Beyond biopsies: new methods of collecting data for dermatology research

Théo Boyer, project manager at Indero, explores how novel methodologies could influence the collection of biological data in future clinical research.

Dermatology trials frequently rely on blood draws and skin biopsies to evaluate inflammatory pathways, pharmacodynamic activity and drug exposure.

While these methods are well established, their invasiveness and practical limitations may hinder successful development of new therapies. For example, taking skin biopsies increases protocol complexity, limits repeat sampling and affects recruitment, especially in studies involving children.

As dermatology research becomes increasingly biomarker-driven, investigators are exploring alternative methods that may reduce patient burden while preserving access to meaningful molecular data.

One emerging approach is the sampling of dermal interstitial fluid (dISF), which is the fluid that surrounds skin cells and serves as an intermediary between the circulatory system and local tissues.

Using dISF as a sampling matrix

dISF contains a broad range of molecular constituents, including inflammatory mediators and proteins that are traditionally measured in blood or tissue samples.

Advances in microneedle-based technologies now allow the collection of dISF through minimally invasive techniques that only penetrate the upper dermal layer, reducing patient discomfort and providing a promising diagnostic alternative, particularly for evaluating skin conditions.

Recent studies have shown that biomarkers detected in dISF align with those obtained through established methods such as biopsies, tape stripping or venous sampling.

In early-phase research, this comparative approach is being used to better underst=and where dISF sampling may add value. Although research is ongoing, initial observations suggest that a range of inflammatory markers relevant to conditions such as atopic dermatitis and psoriasis can be detected in dISF.

Investigators are also examining its potential role in pharmacokinetic assessments, particularly in understanding drug presence within the skin tissue.

Supporting patient-centered trial design

One of the primary drivers behind interest in dISF sampling is improving the patient experience, as traditional approaches such as biopsies and tape stripping can be uncomfortable.

Biopsies requiring tissue excision may leave residual marks and cause infections and are often impractical to repeat. Tape stripping, while less invasive, can still cause some discomfort and irritation when performed repeatedly.

Théo Boyer, Project Manager at Indero, explained: “dISF occupies the interstitial space of the dermis, bathing the dermal cells, and has an inherent biochemical relationship with blood.

It has attracted interest as a potential minimally invasive sampling matrix in dermatology research because recruitment performance in clinical trials is frequently influenced by the invasiveness of the study procedures. The use of minimally invasive approaches may therefore help to lower this barrier, particularly when repeated sampling is required.”

This new approach may be particularly important in advancing pediatric research. Traditional sampling methods can be difficult to justify in young participants, where minimizing discomfort and long-term skin impact is a priority. A technique that allows molecular assessment without tissue removal could make biomarker-driven studies in these populations more feasible.

Practical and analytical considerations

As with any emerging technique, practical questions must be addressed before wider adoption. Study teams must have enhanced training on a new technique to perform the sampling method consistently, obtain reliable sample volumes and maintain quality.

Downstream analyses must also demonstrate that biomarkers measured in dISF can be interpreted meaningfully alongside established approaches. Integrating a new sampling strategy into a protocol also requires coordination across clinical, analytical and regulatory functions, with clear scientific justification provided to ethics committees, even when procedures are minimally invasive.

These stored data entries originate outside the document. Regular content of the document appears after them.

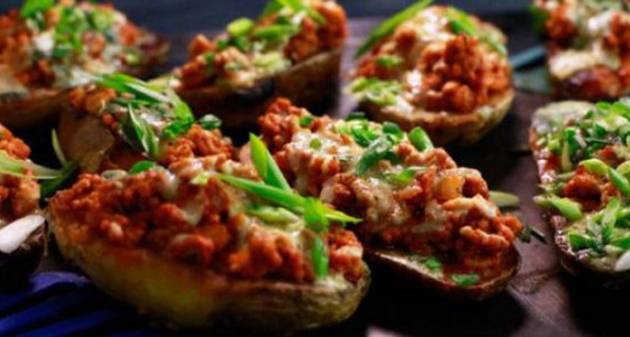 Печете ги исчистените компири половина час на 200 степени. Потоа извадете ги од рерната, исечете ги на половина по должина и издлабете ги со лажица. Посолете ги, наполнете ги со сосот од месо и печете ги уште 2-3 минути.
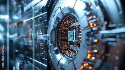 Fototapeta premium Futuristic cryptocurrency vault featuring complex security systems, high-tech metallic surfaces, and digital interfaces, with a cinematic atmosphere and advanced design
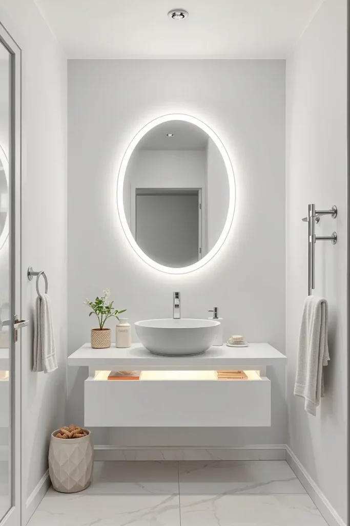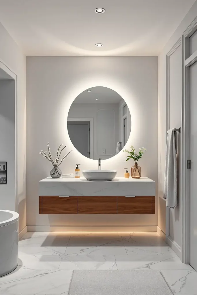 There are round, square and pill-shaped backlit mirrors in different shapes and sizes several with adjustable color temperatures and dimming features. On many occasions, I make use of the under-vanity LED strips or vertical lights on both sides of a mirror. These not only better the visibility but also help in the general ambiance of the room.
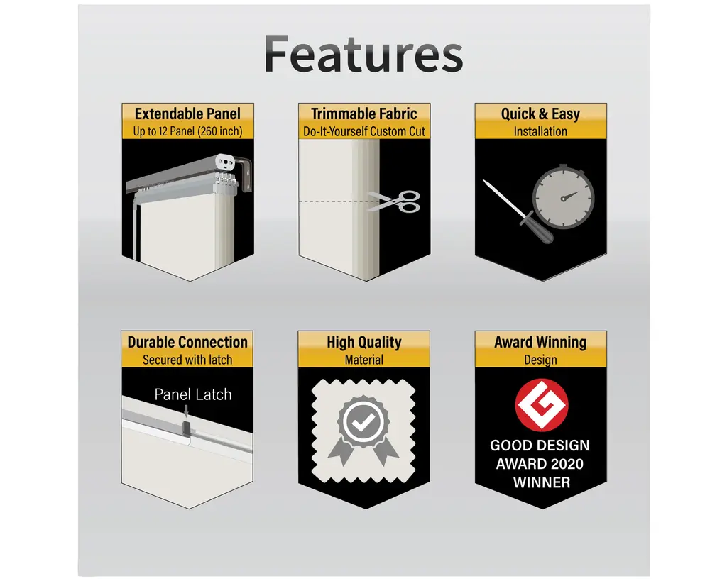 Central Design Products is pleased to introduce a new innovative panel track that offers easy 2-way installation, adding an alluring style and refined touch to your home decor. The single rail design of the track is sleek, compact, and reduces the overall footprint and weight of the installation, eliminating bulky, intrusive window treatments. Adjusting the panel height is a breeze � simply trim the panel, re-attach the liner, and install the panel weight. Detailed instructions are included.The panel track also features a patented slider design, made with aluminum and fitted with bearings that allow for durable and smooth operation. The sliders are stacked closer together than conventional panel tracks, reducing light bleed coming from the gaps between panels. This track has endless uses from dividing rooms, garages, offices, and closets to decorating windows and patios. Available in larger sizes including 8, 10, and 12 panels.Extends from 48-88� wide.Each panel measures 23.5" wide and 91.5" tall, with a total installation height of 94" (includes the 2.5" rail track).The track can be wall or ceiling mounted.The panels can stack on the left or the right.The clearance from the wall is extendable from 1.25� to 3.25� and projection from the wall is extendable from 3� to 4.25�.Poppy panel is made from 100% Polyester, with a light filtering shade that blocks 70% of the light.

Despite these challenges, interest in alternative sampling approaches reflects a broader shift towards more patient-conscious trial designs. Molecular endpoints are increasingly incorporated into dermatology studies, and the ability to repeatedly obtain biological snapshots from the same participant may support more dynamic assessments of treatment responses.

A complementary tool in evolving research models

At present, dISF sampling is best viewed as a complementary tool, rather than a substitute for established methods. Ongoing studies will determine how comparable the dISF biomarker profiles are to those obtained from blood and tissue samples, and in which contexts this approach offers the greatest value.

Dermatology research is evolving, enabling the detection of more precise biological signals. At the same time, the participant’s experience must be considered.

Thoughtful adoption of less intrusive sampling methods, such as dISF sampling, may help to balance scientific ambition with patient comfort in modern dermatology trials, without compromising data quality.